Selain hasil bajubi, kalau pasokan ikan kurang dia kadang membeli ke beberapa pengepul.   Ikan Ningsih beli Rp25.000-Rp30.000 perkg. Setiap kilogram ikan ada margin sekitar Rp5.000.

Alhamdulillah, ada untung sedikit. Per kilogram ikan dapat Rp5.000. Sehari [omzet penjualan] bisa Rp400.000-Rp500.000.”

Ikan yang dijual itu tangkapan oleh Sofyan Rondonuwu dan Syam Rondonuwu, dua kakak beradik yang sehari-hari mencari ikan dengan bajubi di Kawasan Konservasi Perairan (KKP) Mare.

Sudah tiga tahun ini kedua nelayan menangkap ikan dengan jubi di perairan Tidore dan Failonga, Maitara dan Mare.   Hasil tangkapan mereka berbagai jenis ikan karang di laut.

Mereka tak bekerja sendiri, biasa tiga sampai empat orang dalam satu grup. “Kami punya kawan yang bekerja bersama,” katanya.

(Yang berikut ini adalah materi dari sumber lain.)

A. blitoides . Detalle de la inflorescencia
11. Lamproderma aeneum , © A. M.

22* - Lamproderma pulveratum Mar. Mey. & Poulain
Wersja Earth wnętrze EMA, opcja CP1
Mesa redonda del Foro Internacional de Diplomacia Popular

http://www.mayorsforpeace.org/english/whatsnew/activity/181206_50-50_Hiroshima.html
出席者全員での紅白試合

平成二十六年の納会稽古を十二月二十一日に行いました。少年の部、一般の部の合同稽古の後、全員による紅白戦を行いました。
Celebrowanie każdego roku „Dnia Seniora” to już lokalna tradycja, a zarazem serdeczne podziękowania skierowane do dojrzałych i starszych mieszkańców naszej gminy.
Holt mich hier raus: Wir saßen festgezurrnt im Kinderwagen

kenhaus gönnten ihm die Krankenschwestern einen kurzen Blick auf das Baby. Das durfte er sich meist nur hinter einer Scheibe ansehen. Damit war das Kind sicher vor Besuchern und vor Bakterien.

Nelayan bajubi di Tidore ini, tak hanya menyelam dan menangkap ikan di Pulau Mare. Mereka menyeberang sampai ke Pulau Obi, Halmahera Selatan dan Morotai, Kabupaten Pulau Morotai, dengan tiga sampai empat hari baru kembali ke Tidore.

Tangkap ikan ala mereka terbilang berisiko karena pakai panah di malam hari dengan alat bantu pernapasan kompresor seadanya. Ia membahayakan keselamatan dan kesehatan mereka.

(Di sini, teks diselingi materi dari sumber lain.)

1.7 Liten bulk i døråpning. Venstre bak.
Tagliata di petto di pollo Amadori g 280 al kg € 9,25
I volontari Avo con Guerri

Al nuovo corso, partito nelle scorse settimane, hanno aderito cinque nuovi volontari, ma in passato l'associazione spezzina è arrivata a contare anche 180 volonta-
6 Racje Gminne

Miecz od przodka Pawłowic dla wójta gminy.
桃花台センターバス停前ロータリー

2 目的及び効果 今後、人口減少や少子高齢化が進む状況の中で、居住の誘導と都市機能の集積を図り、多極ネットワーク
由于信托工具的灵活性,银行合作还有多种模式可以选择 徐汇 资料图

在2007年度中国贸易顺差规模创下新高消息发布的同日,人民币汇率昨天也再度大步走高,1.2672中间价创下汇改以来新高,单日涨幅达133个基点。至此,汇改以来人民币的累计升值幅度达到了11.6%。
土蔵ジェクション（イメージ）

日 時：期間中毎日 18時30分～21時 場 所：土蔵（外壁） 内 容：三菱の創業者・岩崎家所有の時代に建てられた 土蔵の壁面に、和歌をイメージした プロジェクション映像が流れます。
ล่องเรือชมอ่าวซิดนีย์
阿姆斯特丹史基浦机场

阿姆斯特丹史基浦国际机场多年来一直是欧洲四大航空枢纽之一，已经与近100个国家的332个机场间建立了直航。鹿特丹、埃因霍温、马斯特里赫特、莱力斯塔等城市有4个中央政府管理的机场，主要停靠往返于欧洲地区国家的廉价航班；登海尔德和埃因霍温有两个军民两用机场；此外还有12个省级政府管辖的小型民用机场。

Mereka tak punya tabung seperti penyelam profesional. Meski menyadari bahaya, mereka mengaku tak memiliki pilihan lain. “Pakai tabung oksigen terlalu mahal. Kami tak punya anggaran lebih,” katanya.

Hasil tangkapan ikan dengan bajubi terbilang lumayan.   Dengan hasil tangkap perkilogram Rp25.000-Rp30.000, bisa jutaan rupiah sekali jalan.

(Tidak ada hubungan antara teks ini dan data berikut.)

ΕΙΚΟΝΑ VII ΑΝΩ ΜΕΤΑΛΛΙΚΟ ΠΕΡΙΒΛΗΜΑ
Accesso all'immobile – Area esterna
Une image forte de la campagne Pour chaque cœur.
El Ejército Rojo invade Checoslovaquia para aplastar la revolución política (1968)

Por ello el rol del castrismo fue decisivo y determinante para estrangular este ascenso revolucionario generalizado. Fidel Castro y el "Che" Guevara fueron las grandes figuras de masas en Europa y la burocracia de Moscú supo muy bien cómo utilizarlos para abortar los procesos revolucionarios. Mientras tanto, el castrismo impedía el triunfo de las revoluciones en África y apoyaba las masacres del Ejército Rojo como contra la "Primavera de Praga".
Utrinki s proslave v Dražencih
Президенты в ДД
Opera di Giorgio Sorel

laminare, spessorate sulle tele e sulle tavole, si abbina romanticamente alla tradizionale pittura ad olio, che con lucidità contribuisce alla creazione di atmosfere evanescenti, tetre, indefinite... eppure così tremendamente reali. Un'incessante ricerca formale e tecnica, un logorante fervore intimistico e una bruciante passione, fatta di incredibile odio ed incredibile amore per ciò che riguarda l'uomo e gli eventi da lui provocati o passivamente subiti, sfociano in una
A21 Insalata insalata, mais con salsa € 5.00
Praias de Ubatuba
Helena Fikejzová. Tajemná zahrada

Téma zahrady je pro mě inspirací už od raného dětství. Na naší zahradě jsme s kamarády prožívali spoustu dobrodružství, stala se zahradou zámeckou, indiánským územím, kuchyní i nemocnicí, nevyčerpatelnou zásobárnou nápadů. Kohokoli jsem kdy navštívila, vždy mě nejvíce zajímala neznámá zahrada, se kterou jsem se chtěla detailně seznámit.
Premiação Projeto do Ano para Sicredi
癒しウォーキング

Sofyan, sehari-hari mangkal di Pasar Rum itu, bilang, memanah ikan lebih baik kareha tangkapan ikan pilihan. “Kami menangkap ikan pakai jubi karena tidak ada alternatif alat tangkap lain,” kata Sofyan.

Syam dan Sofyan, masing- masing punya anggota penangkap ikan. Sekali turun ke laut yang ikut bersama memanah ikan 7-8 orang.

“Kadang ikut saya empat orang. Kakak saya, kadang, kawan lain. Hampir semua ikan karang [ditangkap]. Berbagai jenis,” katanya, seraya bilang, ada kerapu, dolosi, kakatua dan beberapa jenis ikan merah.

 

Sofyan Rondonuwu (kaos singlet biru) menjelaskan kepada beberapa peserta pelatihan USAID-SEA soal menangkap ikan dengan panah dan gunakan kompresor. Foto: Mahmud Ichi/ Mongabay Indonesia

 

Nelayan, seperti Syam dan Sofyan, tak menangkap ikan dilindungi karena khawatir terjerat hukum. Mereka mendapatkan informasi dan sosialisasi mengenai ikan atau satwa laut yang dilarang tangkap, seperti duyung, penyu, hiu sampai napoleon fish atau ikan mamin dalam bahasa Maluku Utara.   “Kita sudah dapat banyak informasi ikan dilindungi,” katanya.

Dinas Kelalutan dan Perikanan Kota Tidore Kepulauan, katanya, biasa sosialisasi biota laut dilindungi. Organisasi masyarakat sipil yang konsern isu ini juga kampanye dan sosialisasi.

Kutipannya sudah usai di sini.